Friday Night Pride: How Hastings Celebrated June’s Pride Month


Sophie Halliburton, Managing Editor

On June 3rd, Hastings hosted its first major Pride event, called Friday Night Pride, which sought to highlight and uplift the LGBTQ+ members of the community through speeches, performances, and live music from the Farragut Middle School and Hastings High School chorus, as well as activities for younger children. From around 6 to 9pm, Warburton was packed with local residents of all ages, everyone enjoying themselves and using this event as an opportunity to come together and celebrate. 

Local businesses and organizations set up stands along the street, selling pride-themed merchandise and food, as well as fundraising for different causes. Several tables were either representing or donating to Center Lane, which is an educational program for LGBTQ+ youth in Yonkers, as well as the LOFT Community Center in White Plains, which is a safe space for the LGBTQ+ community that runs support groups and group therapy sessions. The high school GSA (Gay Straight Alliance) was also able to fundraise for their club by selling pride t-shirts from the PTSA as well as handing out informative pamphlets regarding the LGBTQ+ community.

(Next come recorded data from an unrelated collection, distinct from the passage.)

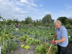 juli 2025 – de kinderen hebben schoolvakantie. Ze zijn nog een keer teruggeweest om van alles te oogsten in hun tuintje. Ze hadden wel pech, want het regende pijpenstelen. Maar de echte diehards lieten zich niet weerhouden om hun zelfgekweekte groenten te oogsten en daar thuis heerlijk van te genieten. Intussen groeit er nog heel veel in de Smikkeltuin. De opa’s schoffelen het onkruid tussen de bedden, zodat alle planten volop kunnen groeien. En roepen de kinderen op om al het lekkers te komen oogsten.
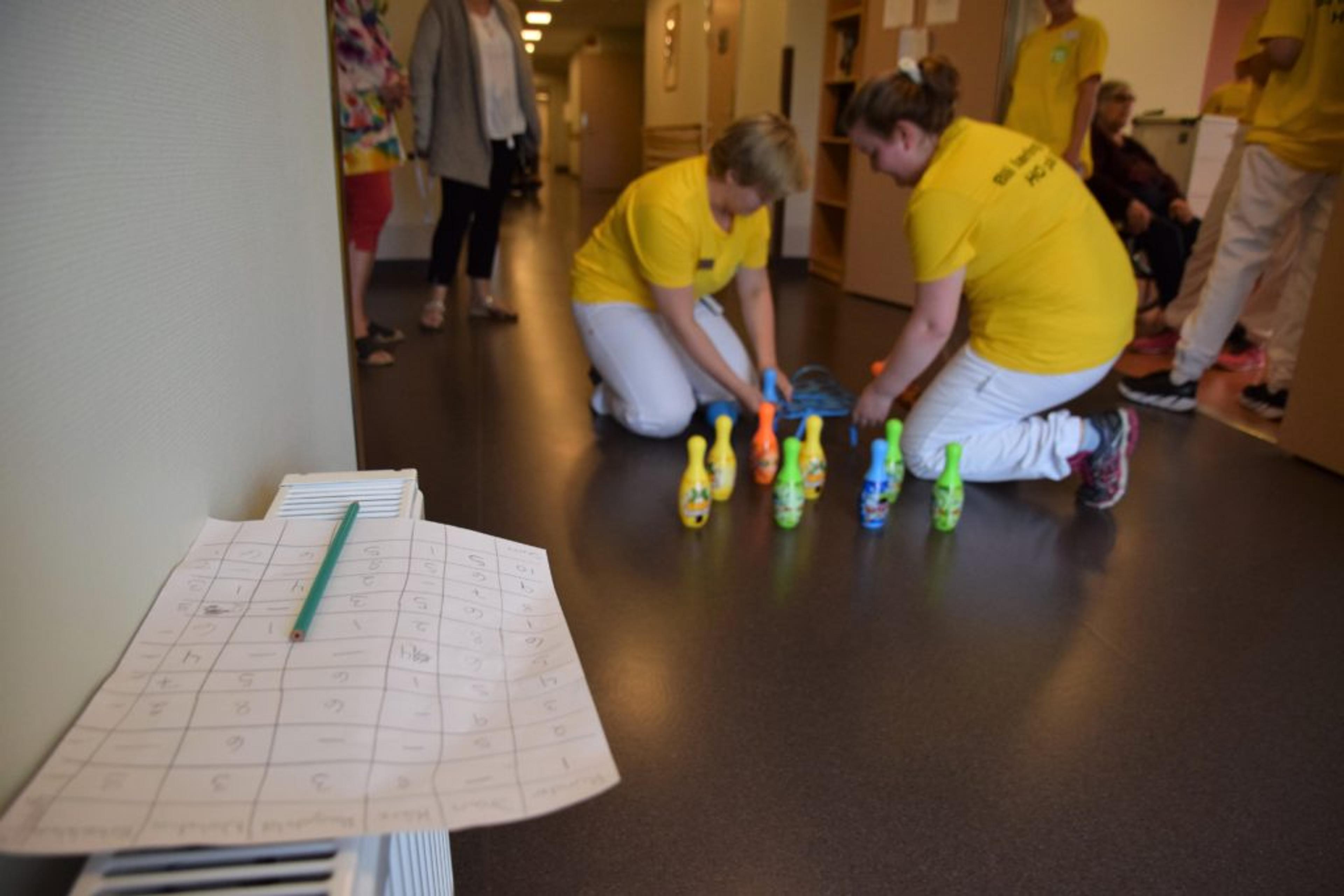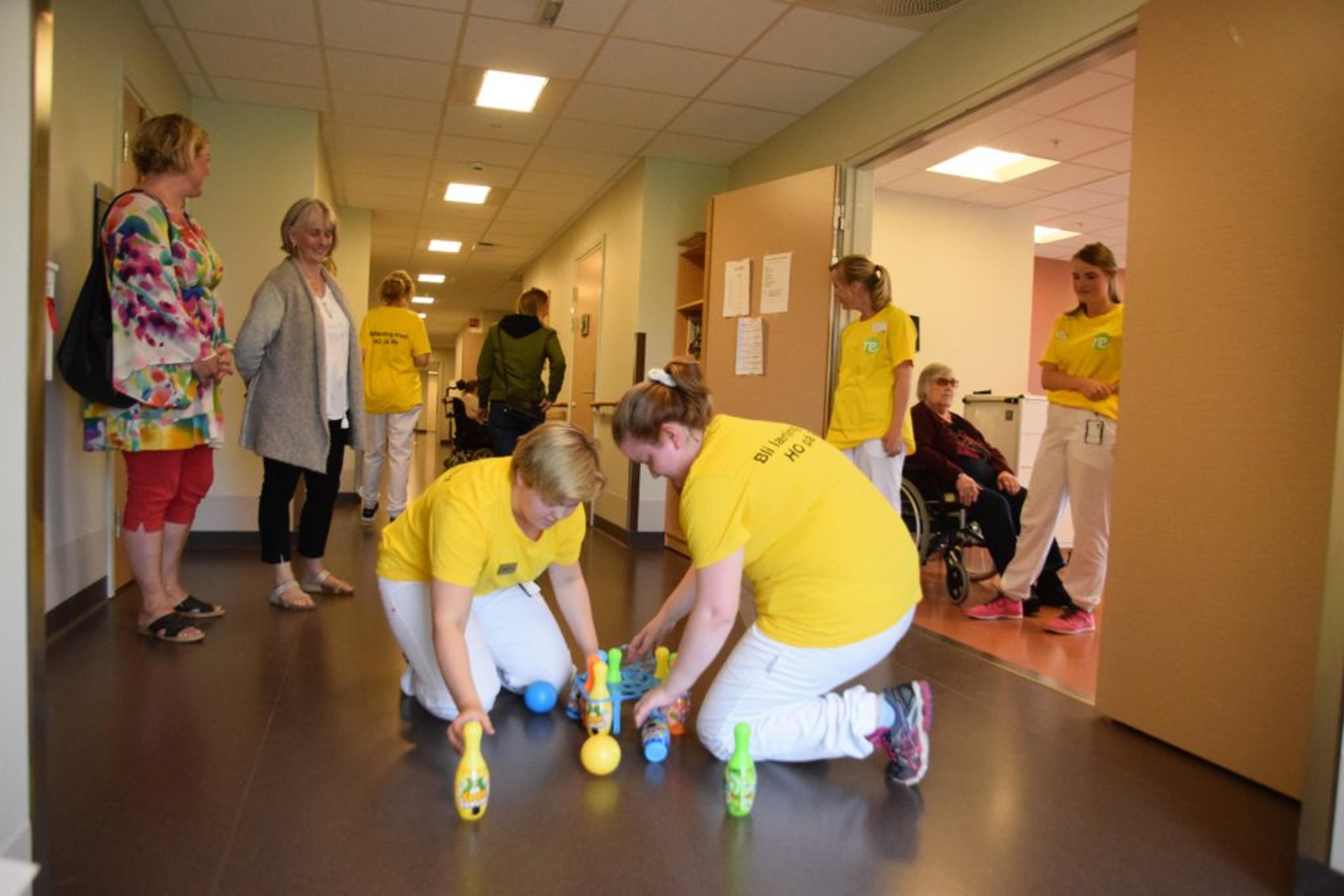 LEK OG MORO: Bowling i gangene var en av lekene Re VGS-elevene fiksa. Foto: Stian Ormestad.
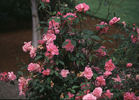 China / Bengale. Pink. Moderate fragrance. Medium, semi-double to double, in small clusters, cupped-to-flat bloom form. Blooms in flushes throughout the season. USDA zone 6a through 10b. Height of 3' to 10' (90 to 305 cm). Width of 30" to 6½' (75 to 200 cm). John Parsons (1793).
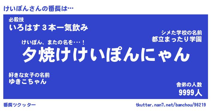 | 意味不明あだ名 | 『ペロリンけいぽん』『永久保存けいぽん』 |
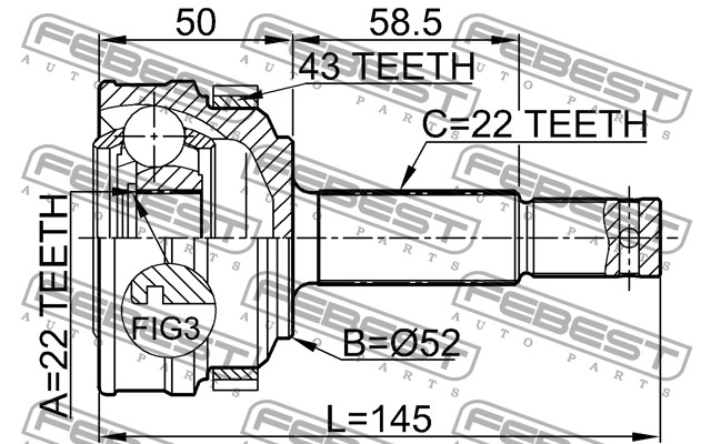 ШРУС НАРУЖНЫЙ 22x52x22
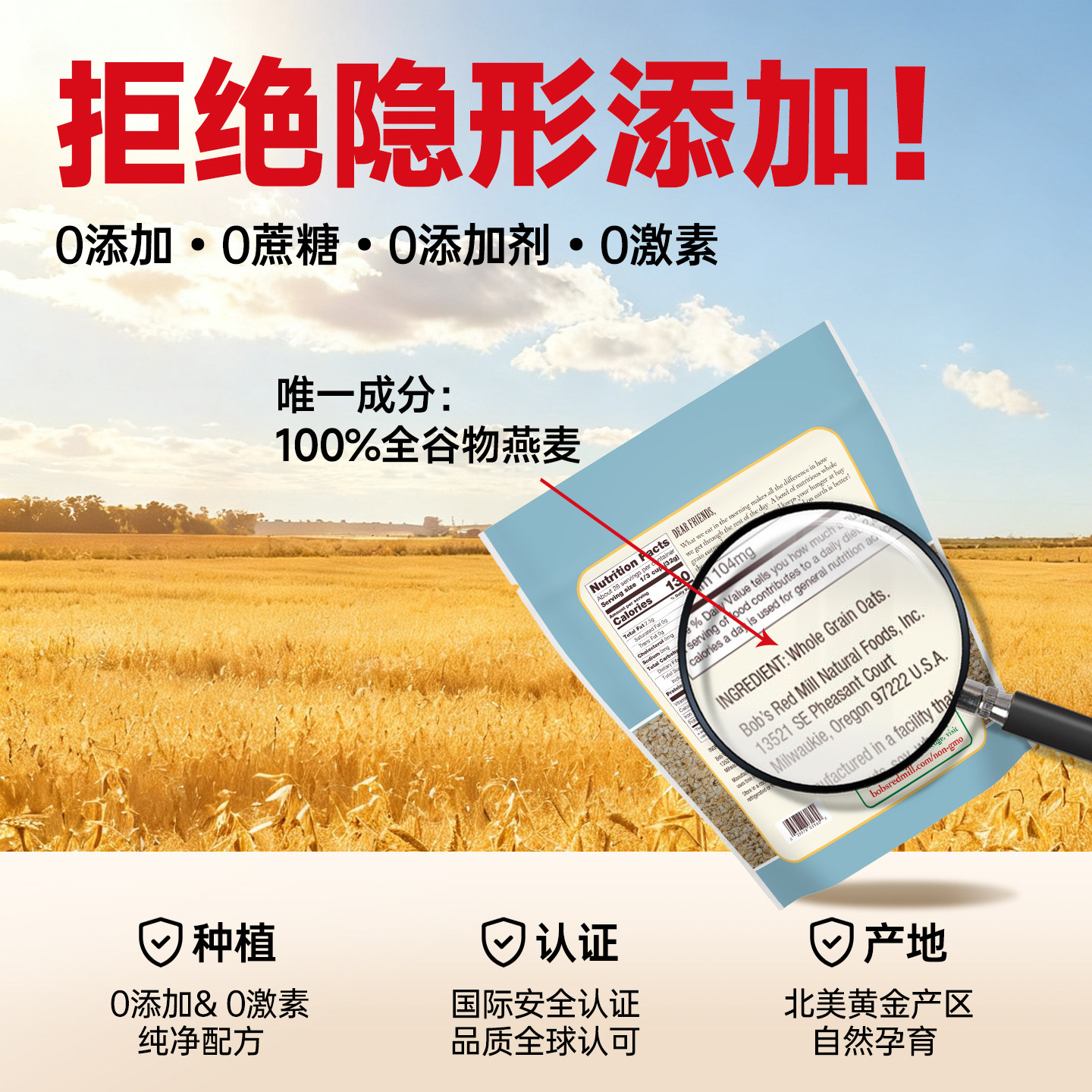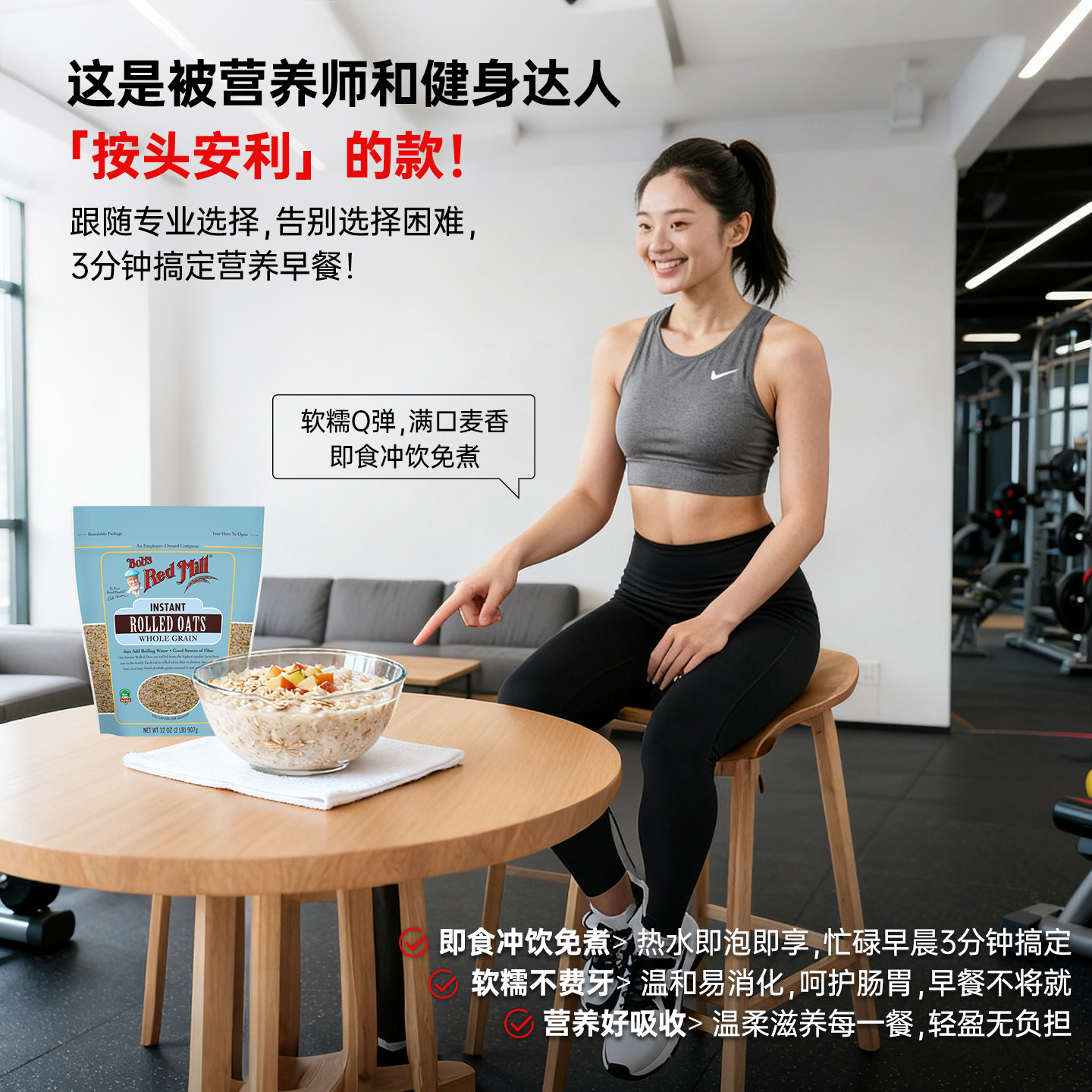 📚 鲍勃红磨坊美国进口纯即食燕麦片无添加免煮官方旗舰店正品原味
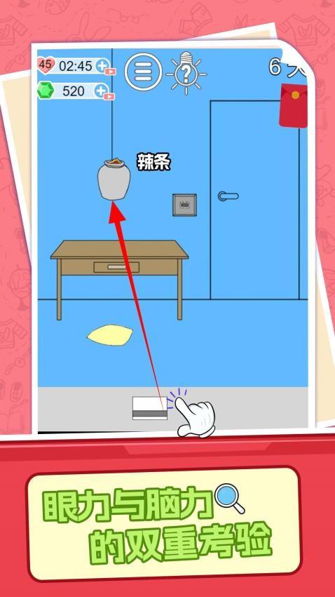 5、找到可以通过关卡的道具,脑力大赛速战速决手游提供的关卡都需要找到最终的一个红色物品才能通过关卡。
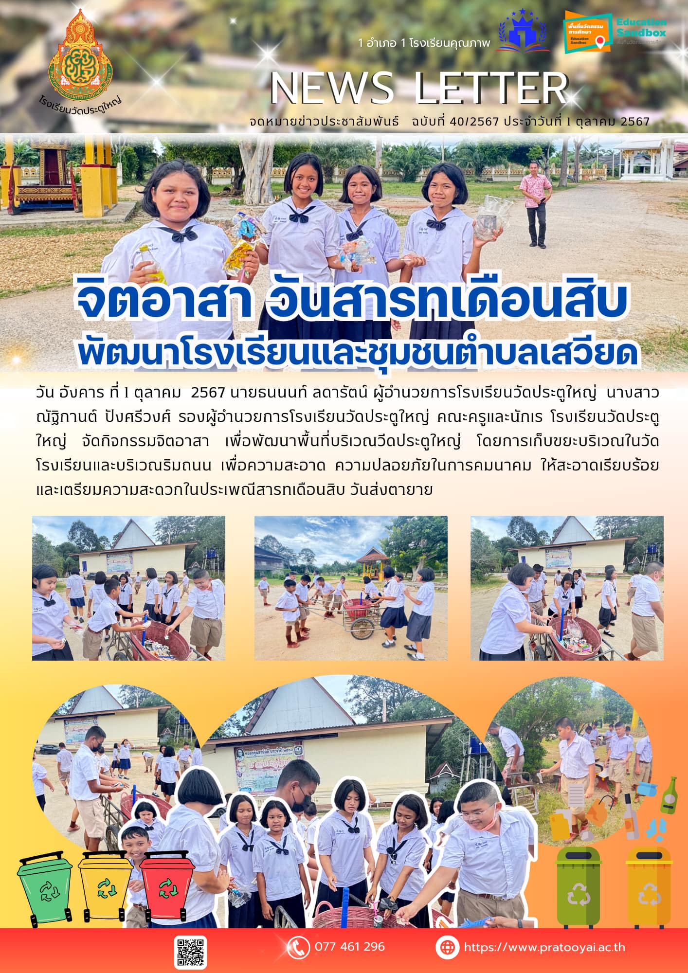 วัน อังคาร ที่ 1 ตุลาคม 2567 นายธนนนท์ ลดารัตน์ ผู้อำนวยการโรงเรียนวัดประตูใหญ่ นางสาวณัฐิกานต์ ปังศรีวงศ์ รองผู้อำนวยการโรงเรียนวัดประตูใหญ่ คณะครูและนักเรียน โรงเรียนวัดประตูใหญ่ จัดกิจกรรมจิตอาสา เพื่อพัฒนาพื้นที่บริเวณวัดประตูใหญ่ โดยการเก็บขยะบริเวณในวัด โรงเรียนและบริเวณริมถนน เพื่อความสะอาด ความปลอยภัยในการคมนาคม ให้สะอาดเรียบร้อย และเตรียมความสะดวกในประเพณีสารทเดือนสิบ วันส่งตายาย

Brian Harris, a Hastings resident and co-organizer of Friday Night Pride, says the event was overall a huge success and was satisfied by the large turnout. He explained that the main goal in organizing Friday Night Pride was to “create an event in Hastings that would really highlight and amplify the supportive nature of our community.” He talked about how he and Jen DiBonaventura, another co-organizer, wanted to “help support a sense of safety, acceptance, and celebration of the LGBTQ+ [members]” of Hastings. 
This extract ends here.